De inmiddels 29-jarige moeder was zich in het begin niet bewust van hetgeen wat haar overkwam: ‘Eerst deed het mij niet veel, want het drong niet tot mij door. Mede omdat mijn kinderarts mijn aandoeningen als een zeldzaam zusje van de ziekte van Pfeiffer heeft afgedaan. Nu besef ik dat het auto-ongeluk en de latere opkomende klachten ervoor hebben gezorgd dat ik dit verhaal kan navertellen. Mocht het toentertijd niet zijn ontdekt, dan had ik de 26 niet gehaald.’
Arbeidsongeschikt
In 2014 wordt Dyenne voor de volle honderd procent arbeidsongeschikt verklaard. Ook al heeft zij daarmee moeite; het zorgt anderzijds voor rust: ‘Na twee jaar heeft het UWV volgens de gebruikelijke procedure mijn Ziektewet stopgezet. Vrijwel direct daarna hebben zij mij ingeschreven bij een re-integratiebureau.’ Maar Dyenne is het met deze vervolgstap alles behalve eens: ‘Na alle recente operaties en het dagelijks ophoesten van grote hoeveelheden bloed, waren zij van mening dat ik wel degelijk aan het werk kon, omdat ik er niet ziek uitzag en de dagelijkse zorg voor mijn dochter draag.’
Zij vervolgt: ‘Wat moest ik anders? Ik kan haar, mijn dochter, toch niet aan haar lot overlaten? Het is erg pijnlijk dat men niet verder kijkt dan het uiterlijk, vooral omdat wij niet in andermans lichaam kunnen kijken en niet weten hoe de ander zich voelt. Een strijd voeren met een instantie om te bewijzen dat je daadwerkelijk ziek bent, terwijl je al vecht tegen een ziekte, is erg zwaar. Uiteindelijk ben ik na heel wat bezwaarschriften afgekeurd. Ik heb het UWV letterlijk gesmeekt om de ernst van mijn situatie in te zien.’
Stempel
Wanneer Dyenne zich eindelijk op haar herstel kan concentreren, komt het echte besef pas echt: ‘In één klap valt je toekomst weg. Ik was genoodzaakt om op mijn 26ste met mijn carrière te stoppen, terwijl anderen bezig waren met doorstuderen of promotie te maken. Arbeidsongeschikt zijn is zoveel meer dan simpelweg niet werken. Je sociale leven verandert intens.’

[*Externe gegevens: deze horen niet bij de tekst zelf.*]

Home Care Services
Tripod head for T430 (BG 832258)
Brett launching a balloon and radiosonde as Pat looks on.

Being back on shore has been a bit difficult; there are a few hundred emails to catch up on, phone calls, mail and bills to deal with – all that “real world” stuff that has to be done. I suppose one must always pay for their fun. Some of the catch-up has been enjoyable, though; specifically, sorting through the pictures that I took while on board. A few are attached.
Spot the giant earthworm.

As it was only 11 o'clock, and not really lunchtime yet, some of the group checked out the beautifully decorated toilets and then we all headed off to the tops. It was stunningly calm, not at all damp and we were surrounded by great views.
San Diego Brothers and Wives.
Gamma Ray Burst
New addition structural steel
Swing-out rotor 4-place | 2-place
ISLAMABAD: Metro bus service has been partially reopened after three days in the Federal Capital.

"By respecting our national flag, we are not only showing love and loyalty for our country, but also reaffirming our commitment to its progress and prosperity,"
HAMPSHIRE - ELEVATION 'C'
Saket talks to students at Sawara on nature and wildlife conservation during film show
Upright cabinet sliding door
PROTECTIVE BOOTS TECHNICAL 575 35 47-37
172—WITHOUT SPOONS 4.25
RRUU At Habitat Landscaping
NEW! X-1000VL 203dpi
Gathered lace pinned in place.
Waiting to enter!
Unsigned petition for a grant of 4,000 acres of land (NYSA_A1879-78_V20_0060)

Al snel blijkt dat het focussen op haar herstel en het leren leven met haar ziekte ook voor een isolement zorgt. En dat is moeilijk: ‘Je sociale contacten verminderen. Een werkborrel zit er niet meer in en teamuitjes evenmin. Alles is weg. Noodgedwongen ben je aangewezen op een klein clubje mensen die jij als vrienden beschouwt en soms zelfs meer dan dat. Maar ook daar is er niet altijd plaats voor begrip.’

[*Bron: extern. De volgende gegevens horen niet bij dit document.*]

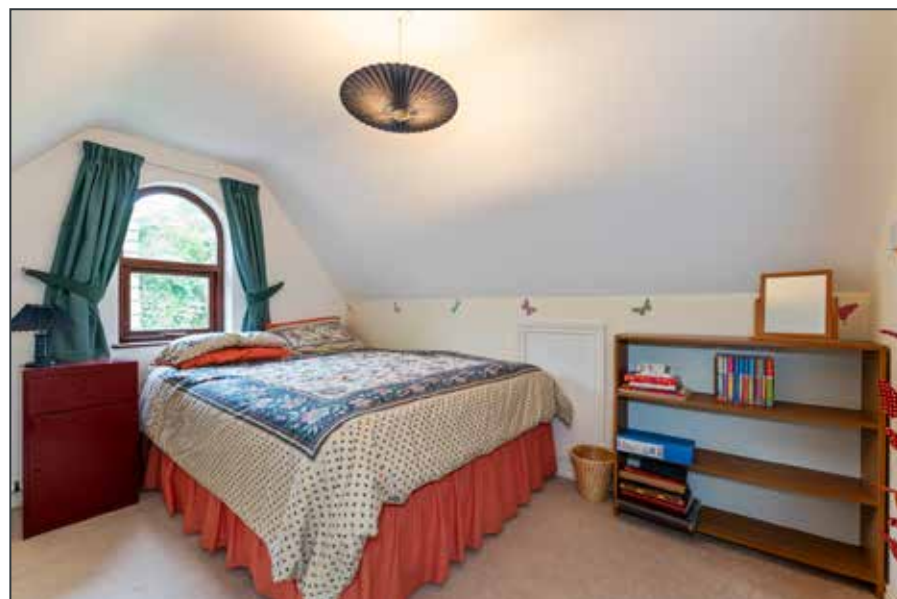
BEDROOM (4): 11' 5" x 8' 6" (3.48m x 2.59m)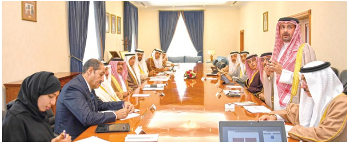
HH Shaikh Mohammed chairs the meeting.

new digital services in the Electricity and Water Authority (EWA), including services related to requests for reconnecting and moving to a new address without the need of personal presence of the beneficiaries of these services.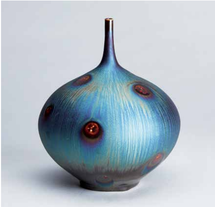
Bottle Peacock glaze 9 x 5 1/2 x 5 1/2" HM686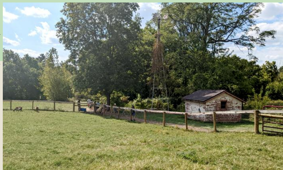
Aullwood Farm.

Not a member? Visit our website at https://aullwood.audubon.org/membership for information on becoming one, stop by our front desk during regular business hours, or call us at 937-890-7360.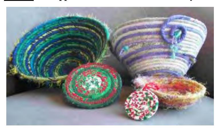
Class C: Wrapped Fabric Bowls with Elaine Myers

Skill Level: All levels Machine Class - These quick, fun bowls are made from fabric strips wrapped around clothesline, coiled and stitched. After learning the basics, you can experiment with various shapes and embellishments. This technique also works for placemats, coasters, even hats! You WILL have a completed project – AND a new addiction!!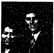
Farmington Hills Baptist Church.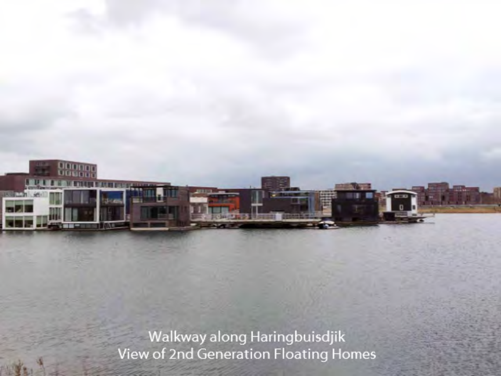
Walkway along Haringbuisdijk View of 2nd Generation Floating Homes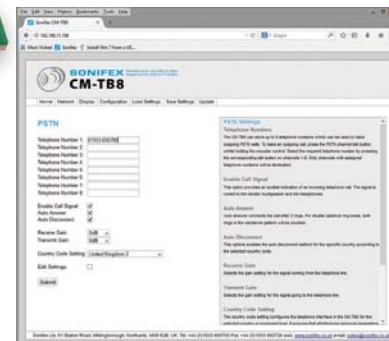
CM-TB8T PSTN Configuration Page.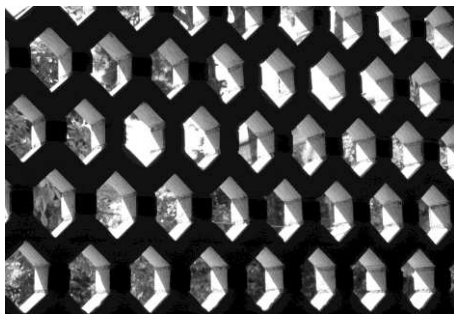
Figure 5. Latticed surface in the entrance hall helps to see the garden before entering there

and formed in the light of what the paths define for the garden. Pleasantness of the garden is derived from its appearance; rhythm, symmetry, and balance, and they are seen in paths. So it can be said that unity in the garden, is shaped on a physical arrangement basis. The entry of Persian garden is an important design consideration in its arrangement. It is the first step in the way to be encountered by the garden. It is strong, well organized and ornamented and inviting so it attracts individuals to experience what the garden has to offer (Figure 5). According to Cox, two or three different forms are all that is needed to keep a garden aesthetically pleasing and relaxing 23 .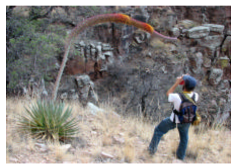
Rob Nixon stands next to an Agave potrerana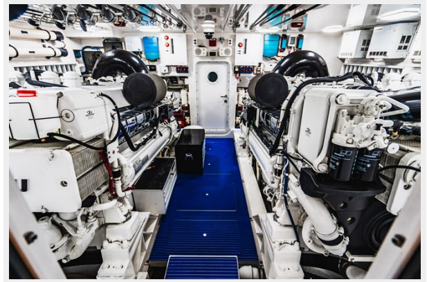
90 Engine Room

Volgens Dyenne heeft het onbegrip vaak te maken met onwetendheid: ‘Als je ziek bent, ben je minder vaak in staat om af te spreken en regelmatig zeg je ‘Nee’. Soms is dit omdat je herstellende bent, terwijl je een andere keer oververmoeid bent. Uiteindelijk word je niet meer opgebeld of meegevraagd, want anderen vullen het antwoord zelf al in. Dat is niet altijd even makkelijk.’
Doorgaan
Dyennes hartaandoeningen en alle bijhorende ingrepen zijn lichamelijk zwaar, maar op emotioneel vlak was de strijd met het UWV dat eveneens: ‘Terwijl ik vocht met mijn hartaandoening waar ik eigenlijk niet aan wilde toegeven, maar wel moest (omdat mijn lichaam ziek is), voelde ik mij onbegrepen vanuit het UWV.’
Ondanks alles, gaat Dyenne de toekomst met goede moed tegemoet: ‘Elke dag dat ik wakker word, is mooi, want niemand heeft je morgen beloofd. Ik heb goede dagen, maar ook hele slechte ertussen. Zoals een bokser in de ring knokt, zo blijf ik doorgaan in het dagelijks leven. Voor mijn gezin (ik probeer het leven voor hen zo fijn mogelijk te maken) en voor mijzelf. Als ik eenmaal voor mijn doen hersteld ben, hoop ik als zelfstandige weer aan de slag te gaan. Op deze manier draai ik mee, maar wel op mijn eigen tempo waarbij ik rekening kan houden met mijn ziekte.’
¹ Dexocardie: Een aangeboren hartafwijking waarbij het hart is gespiegeld.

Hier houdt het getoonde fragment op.